** Data block **
+ + + + +
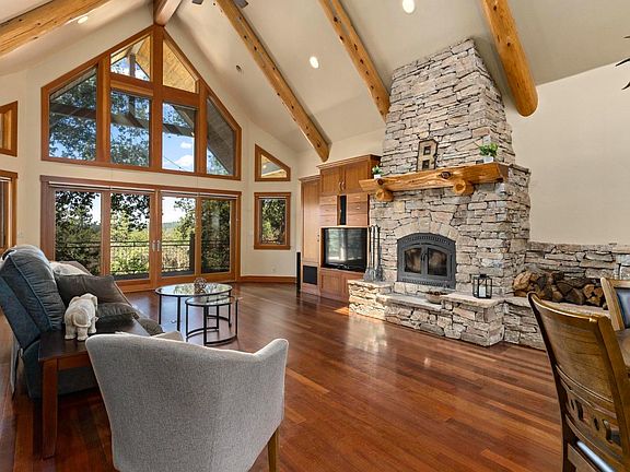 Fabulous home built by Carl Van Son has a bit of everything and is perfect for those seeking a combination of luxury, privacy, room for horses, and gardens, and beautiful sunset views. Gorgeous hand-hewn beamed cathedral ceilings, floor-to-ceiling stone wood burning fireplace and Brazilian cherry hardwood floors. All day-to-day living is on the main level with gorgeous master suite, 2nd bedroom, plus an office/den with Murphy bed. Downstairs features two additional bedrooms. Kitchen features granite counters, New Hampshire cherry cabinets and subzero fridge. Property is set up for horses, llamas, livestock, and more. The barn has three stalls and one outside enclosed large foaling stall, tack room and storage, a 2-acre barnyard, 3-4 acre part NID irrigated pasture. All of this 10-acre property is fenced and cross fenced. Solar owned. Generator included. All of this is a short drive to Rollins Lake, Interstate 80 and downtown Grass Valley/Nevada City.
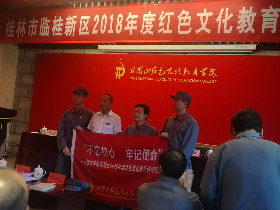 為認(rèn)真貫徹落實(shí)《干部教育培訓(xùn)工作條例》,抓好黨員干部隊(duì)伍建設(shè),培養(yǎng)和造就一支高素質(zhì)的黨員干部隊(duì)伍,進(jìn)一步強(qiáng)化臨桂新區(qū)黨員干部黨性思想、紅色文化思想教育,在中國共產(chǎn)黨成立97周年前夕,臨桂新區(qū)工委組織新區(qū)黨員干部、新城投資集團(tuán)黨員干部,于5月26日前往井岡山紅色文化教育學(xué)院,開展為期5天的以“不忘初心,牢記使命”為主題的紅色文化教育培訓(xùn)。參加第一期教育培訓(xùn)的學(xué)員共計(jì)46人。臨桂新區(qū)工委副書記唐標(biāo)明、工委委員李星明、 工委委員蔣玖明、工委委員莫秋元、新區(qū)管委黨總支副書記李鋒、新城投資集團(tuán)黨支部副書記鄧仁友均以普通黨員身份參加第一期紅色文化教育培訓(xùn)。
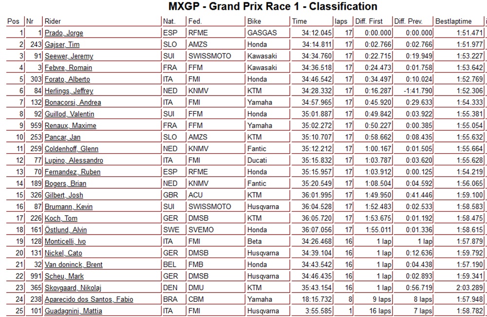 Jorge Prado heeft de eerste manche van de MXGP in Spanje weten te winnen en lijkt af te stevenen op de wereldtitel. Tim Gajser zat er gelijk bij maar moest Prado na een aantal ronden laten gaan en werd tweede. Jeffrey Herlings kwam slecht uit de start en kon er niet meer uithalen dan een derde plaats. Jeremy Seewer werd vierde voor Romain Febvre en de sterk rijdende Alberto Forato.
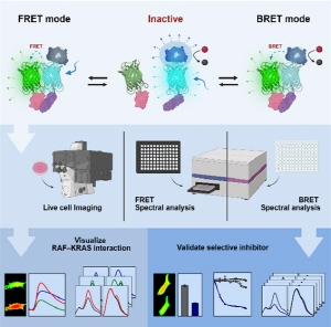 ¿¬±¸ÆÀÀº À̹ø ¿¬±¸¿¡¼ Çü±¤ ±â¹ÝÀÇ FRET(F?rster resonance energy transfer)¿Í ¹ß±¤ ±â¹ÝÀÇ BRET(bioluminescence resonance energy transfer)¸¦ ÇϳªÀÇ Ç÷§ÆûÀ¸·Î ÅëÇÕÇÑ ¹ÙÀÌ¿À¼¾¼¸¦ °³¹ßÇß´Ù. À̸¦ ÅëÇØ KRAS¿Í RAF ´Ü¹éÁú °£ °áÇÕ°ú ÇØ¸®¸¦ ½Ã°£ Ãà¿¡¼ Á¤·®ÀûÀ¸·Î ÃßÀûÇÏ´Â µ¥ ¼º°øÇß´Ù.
+ + + + +
** Prompt **
All lines from the beginning of the material above through the line holding "為認(rèn)真貫徹落實(s" are to be given again exactly, and no others; pictures do not go in.

** Your solution **
 Fabulous home built by Carl Van Son has a bit of everything and is perfect for those seeking a combination of luxury, privacy, room for horses, and gardens, and beautiful sunset views. Gorgeous hand-hewn beamed cathedral ceilings, floor-to-ceiling stone wood burning fireplace and Brazilian cherry hardwood floors. All day-to-day living is on the main level with gorgeous master suite, 2nd bedroom, plus an office/den with Murphy bed. Downstairs features two additional bedrooms. Kitchen features granite counters, New Hampshire cherry cabinets and subzero fridge. Property is set up for horses, llamas, livestock, and more. The barn has three stalls and one outside enclosed large foaling stall, tack room and storage, a 2-acre barnyard, 3-4 acre part NID irrigated pasture. All of this 10-acre property is fenced and cross fenced. Solar owned. Generator included. All of this is a short drive to Rollins Lake, Interstate 80 and downtown Grass Valley/Nevada City.
 為認(rèn)真貫徹落實(shí)《干部教育培訓(xùn)工作條例》,抓好黨員干部隊(duì)伍建設(shè),培養(yǎng)和造就一支高素質(zhì)的黨員干部隊(duì)伍,進(jìn)一步強(qiáng)化臨桂新區(qū)黨員干部黨性思想、紅色文化思想教育,在中國共產(chǎn)黨成立97周年前夕,臨桂新區(qū)工委組織新區(qū)黨員干部、新城投資集團(tuán)黨員干部,于5月26日前往井岡山紅色文化教育學(xué)院,開展為期5天的以“不忘初心,牢記使命”為主題的紅色文化教育培訓(xùn)。參加第一期教育培訓(xùn)的學(xué)員共計(jì)46人。臨桂新區(qū)工委副書記唐標(biāo)明、工委委員李星明、 工委委員蔣玖明、工委委員莫秋元、新區(qū)管委黨總支副書記李鋒、新城投資集團(tuán)黨支部副書記鄧仁友均以普通黨員身份參加第一期紅色文化教育培訓(xùn)。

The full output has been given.